## WORK REQUIRED
There are pictures in the records below; leave them out and set down exactly the lines from the one holding "Made in Italy" through the one holding "sign_up이란 이벤트가 발생한".

## DATASET EXTRACT
------------------------------

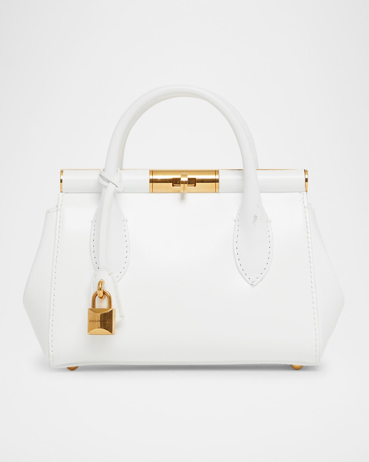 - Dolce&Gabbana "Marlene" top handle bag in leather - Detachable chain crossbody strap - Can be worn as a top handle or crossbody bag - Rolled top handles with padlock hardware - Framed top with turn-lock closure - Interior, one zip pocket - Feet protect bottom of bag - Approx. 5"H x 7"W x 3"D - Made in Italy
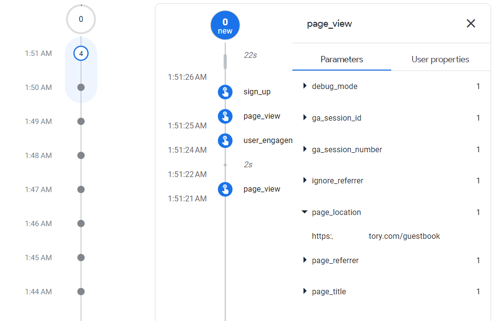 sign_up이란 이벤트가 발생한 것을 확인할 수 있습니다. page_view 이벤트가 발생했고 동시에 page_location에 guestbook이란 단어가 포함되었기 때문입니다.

------------------------------

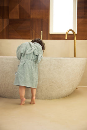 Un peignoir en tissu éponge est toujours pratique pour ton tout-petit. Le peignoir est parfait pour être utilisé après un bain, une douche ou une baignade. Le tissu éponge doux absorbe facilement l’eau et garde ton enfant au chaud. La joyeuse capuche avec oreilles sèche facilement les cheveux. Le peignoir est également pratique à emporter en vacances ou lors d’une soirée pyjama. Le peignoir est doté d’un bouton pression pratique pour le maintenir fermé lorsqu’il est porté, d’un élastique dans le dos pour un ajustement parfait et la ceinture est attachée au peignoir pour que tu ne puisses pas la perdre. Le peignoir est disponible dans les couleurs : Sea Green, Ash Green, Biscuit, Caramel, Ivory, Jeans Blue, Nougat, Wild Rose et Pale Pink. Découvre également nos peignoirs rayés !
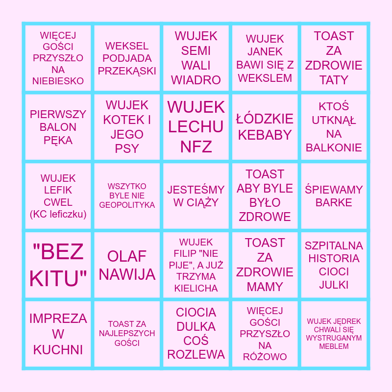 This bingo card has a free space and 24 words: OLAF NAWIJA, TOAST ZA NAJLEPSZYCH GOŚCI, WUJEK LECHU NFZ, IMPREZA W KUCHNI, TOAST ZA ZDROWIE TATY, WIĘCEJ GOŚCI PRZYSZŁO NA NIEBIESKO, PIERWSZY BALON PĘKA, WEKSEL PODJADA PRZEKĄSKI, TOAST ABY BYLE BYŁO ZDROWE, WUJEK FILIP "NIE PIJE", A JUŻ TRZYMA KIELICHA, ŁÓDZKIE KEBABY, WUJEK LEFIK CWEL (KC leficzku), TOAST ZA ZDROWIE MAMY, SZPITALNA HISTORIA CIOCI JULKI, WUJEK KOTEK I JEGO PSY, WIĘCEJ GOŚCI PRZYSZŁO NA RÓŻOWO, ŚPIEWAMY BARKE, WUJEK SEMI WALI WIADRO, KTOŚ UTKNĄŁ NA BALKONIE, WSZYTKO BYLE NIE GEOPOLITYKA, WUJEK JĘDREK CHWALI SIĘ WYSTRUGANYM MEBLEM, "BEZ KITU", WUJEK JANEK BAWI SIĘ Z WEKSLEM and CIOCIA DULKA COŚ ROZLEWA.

------------------------------

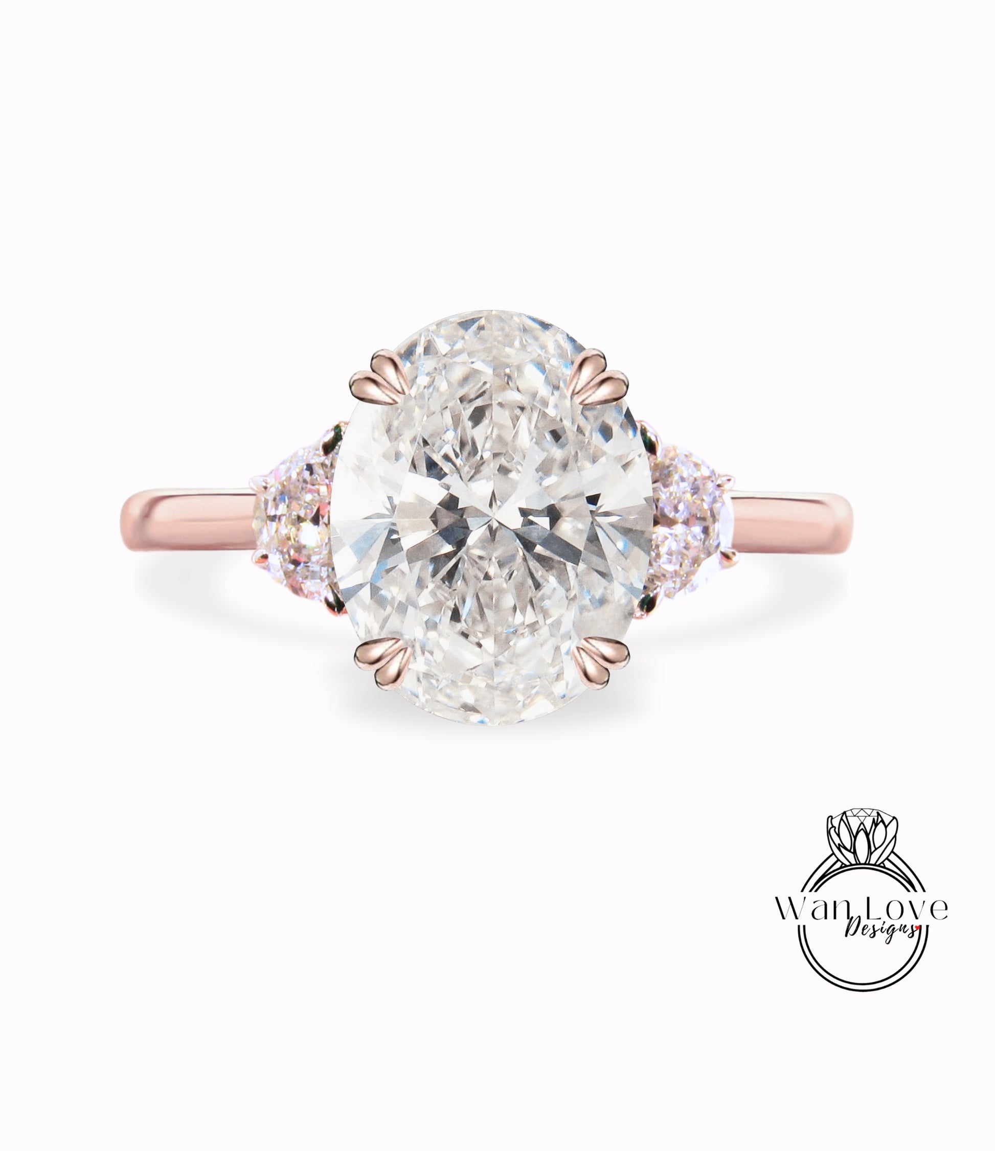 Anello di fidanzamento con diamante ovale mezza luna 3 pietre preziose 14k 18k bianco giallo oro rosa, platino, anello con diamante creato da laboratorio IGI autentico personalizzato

------------------------------

## RESULT
 - Dolce&Gabbana "Marlene" top handle bag in leather - Detachable chain crossbody strap - Can be worn as a top handle or crossbody bag - Rolled top handles with padlock hardware - Framed top with turn-lock closure - Interior, one zip pocket - Feet protect bottom of bag - Approx. 5"H x 7"W x 3"D - Made in Italy
 sign_up이란 이벤트가 발생한 것을 확인할 수 있습니다. page_view 이벤트가 발생했고 동시에 page_location에 guestbook이란 단어가 포함되었기 때문입니다.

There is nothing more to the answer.